An anonymous reader quotes The Register:
Late last month, open-source contributor Raymond Nicholson proposed a change to the manual for glibc, the GNU implementation of the C programming language’s standard library, to remove “the abortion joke,” which accompanied the explanation of libc’s abort() function… The joke, which has been around since the 1990s and is referred to as a censorship joke by those supporting its inclusion, reads as follows:
25.7.4 Aborting a Program… Future Change Warning: Proposed Federal censorship regulations may prohibit us from giving you information about the possibility of calling this function. We would be required to say that this is not an acceptable way of terminating a program.
On April 30, the proposed change was made, removing the passage from the documentation. That didn’t sit well with a number of people involved in the glibc project, including the joke’s author, none other than Free Software Foundation president and firebrand Richard Stallman, who argued that the removal of the joke qualified as censorship… Carlos O’Donnell, a senior software engineer at Red Hat, recommended avoiding jokes altogether, a position supported by many of those weighing in on the issue. Among those voicing opinions, a majority appears to favor removal.

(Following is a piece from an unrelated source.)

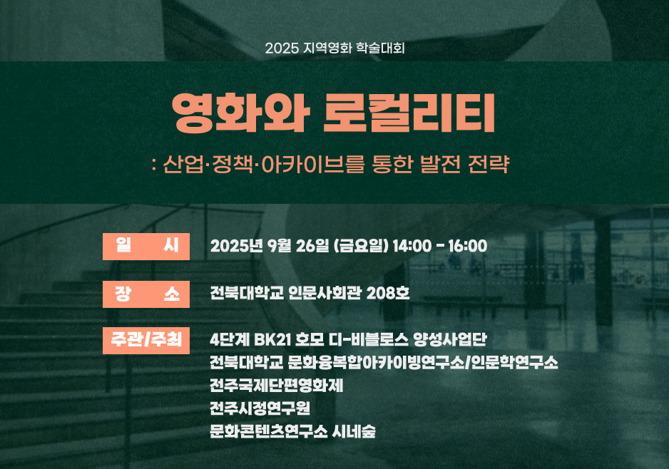 '2025 지역영화 학술대회- 영화와 로컬리티: 산업·정책·아카이브를 통한 발전 전략'을 안내하오니 재학생 및 관심 있는 분들의 많은 참여 바랍니다.

But in a post to the project mailing list, Stallman wrote “Please do not remove it. GNU is not a purely technical project, so the fact that this is not strictly and grimly technical is not a reason to remove this.” He added later that “I exercise my authority over glibc very rarely — and when I have done so, I have talked with the official maintainers. So rarely that some of you thought that you are entirely autonomous. But that is not the case. On this particular question, I made a decision long ago and stated it where all of you could see it.”
The Register reports that “On Monday, the joke was restored by project contributor Alexandre Oliva, having taken Stallman’s demand as approval to do so.”